- [Task goal]: When you restate the records, do so word for word and omit any picture they contain.

*** Given entries

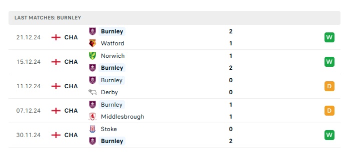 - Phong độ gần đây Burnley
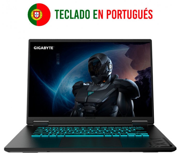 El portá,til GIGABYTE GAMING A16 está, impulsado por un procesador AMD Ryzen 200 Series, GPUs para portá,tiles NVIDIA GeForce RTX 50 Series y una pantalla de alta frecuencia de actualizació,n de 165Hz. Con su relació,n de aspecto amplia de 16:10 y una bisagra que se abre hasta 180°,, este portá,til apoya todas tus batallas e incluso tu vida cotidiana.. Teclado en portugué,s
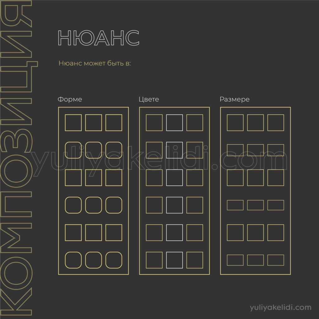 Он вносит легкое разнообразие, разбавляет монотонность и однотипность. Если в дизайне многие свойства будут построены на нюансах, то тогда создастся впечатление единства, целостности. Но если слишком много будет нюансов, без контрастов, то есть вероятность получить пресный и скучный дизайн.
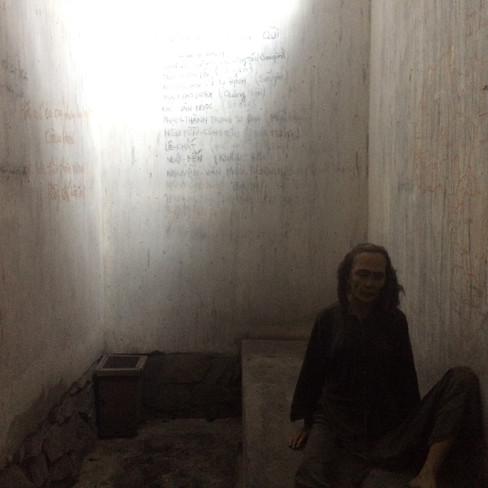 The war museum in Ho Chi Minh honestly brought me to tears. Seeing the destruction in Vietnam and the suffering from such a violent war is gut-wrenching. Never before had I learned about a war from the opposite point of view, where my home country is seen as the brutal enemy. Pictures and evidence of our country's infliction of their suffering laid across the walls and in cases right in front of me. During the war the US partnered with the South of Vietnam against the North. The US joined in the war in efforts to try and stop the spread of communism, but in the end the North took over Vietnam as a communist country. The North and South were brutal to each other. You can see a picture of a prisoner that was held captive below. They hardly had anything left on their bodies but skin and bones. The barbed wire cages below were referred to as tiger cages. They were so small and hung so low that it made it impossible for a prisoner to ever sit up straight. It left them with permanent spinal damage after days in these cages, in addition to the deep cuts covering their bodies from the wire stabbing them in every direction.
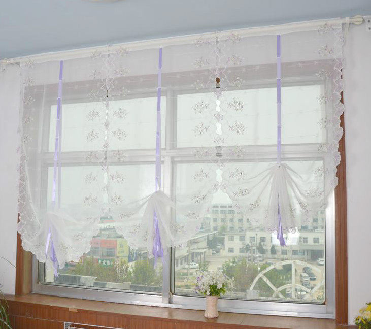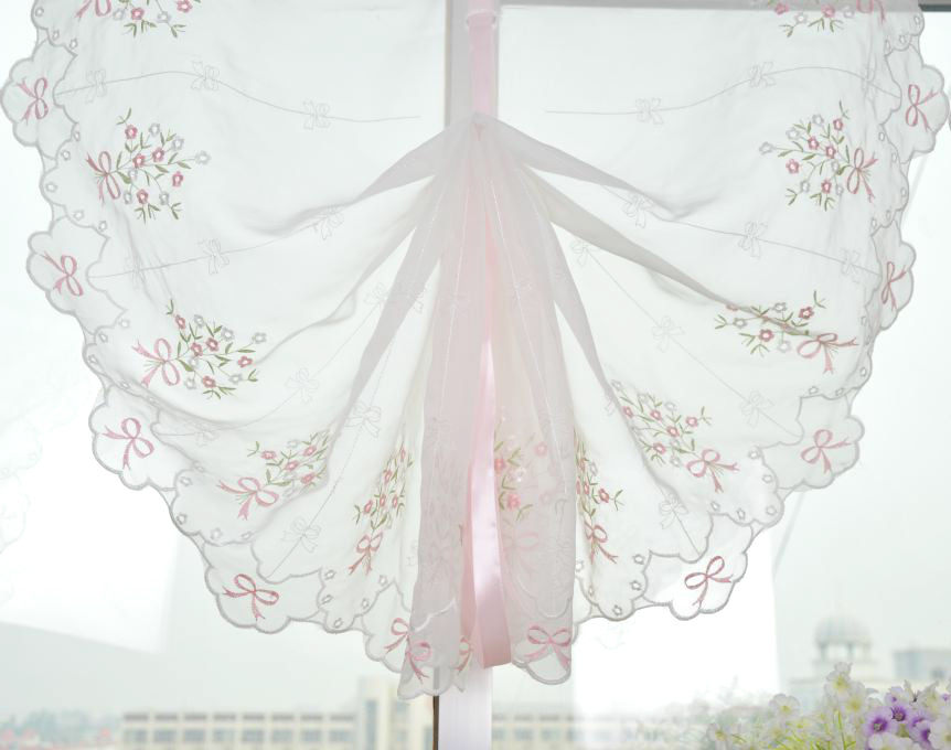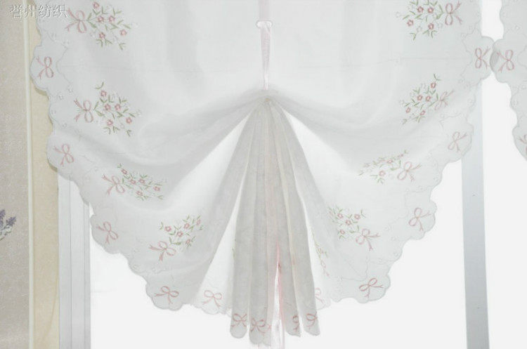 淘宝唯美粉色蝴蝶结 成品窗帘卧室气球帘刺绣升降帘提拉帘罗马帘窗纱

******

- [Solution]:
 - Phong độ gần đây Burnley
 El portá,til GIGABYTE GAMING A16 está, impulsado por un procesador AMD Ryzen 200 Series, GPUs para portá,tiles NVIDIA GeForce RTX 50 Series y una pantalla de alta frecuencia de actualizació,n de 165Hz. Con su relació,n de aspecto amplia de 16:10 y una bisagra que se abre hasta 180°,, este portá,til apoya todas tus batallas e incluso tu vida cotidiana.. Teclado en portugué,s
 Он вносит легкое разнообразие, разбавляет монотонность и однотипность. Если в дизайне многие свойства будут построены на нюансах, то тогда создастся впечатление единства, целостности. Но если слишком много будет нюансов, без контрастов, то есть вероятность получить пресный и скучный дизайн.
 The war museum in Ho Chi Minh honestly brought me to tears. Seeing the destruction in Vietnam and the suffering from such a violent war is gut-wrenching. Never before had I learned about a war from the opposite point of view, where my home country is seen as the brutal enemy. Pictures and evidence of our country's infliction of their suffering laid across the walls and in cases right in front of me. During the war the US partnered with the South of Vietnam against the North. The US joined in the war in efforts to try and stop the spread of communism, but in the end the North took over Vietnam as a communist country. The North and South were brutal to each other. You can see a picture of a prisoner that was held captive below. They hardly had anything left on their bodies but skin and bones. The barbed wire cages below were referred to as tiger cages. They were so small and hung so low that it made it impossible for a prisoner to ever sit up straight. It left them with permanent spinal damage after days in these cages, in addition to the deep cuts covering their bodies from the wire stabbing them in every direction.
 淘宝唯美粉色蝴蝶结 成品窗帘卧室气球帘刺绣升降帘提拉帘罗马帘窗纱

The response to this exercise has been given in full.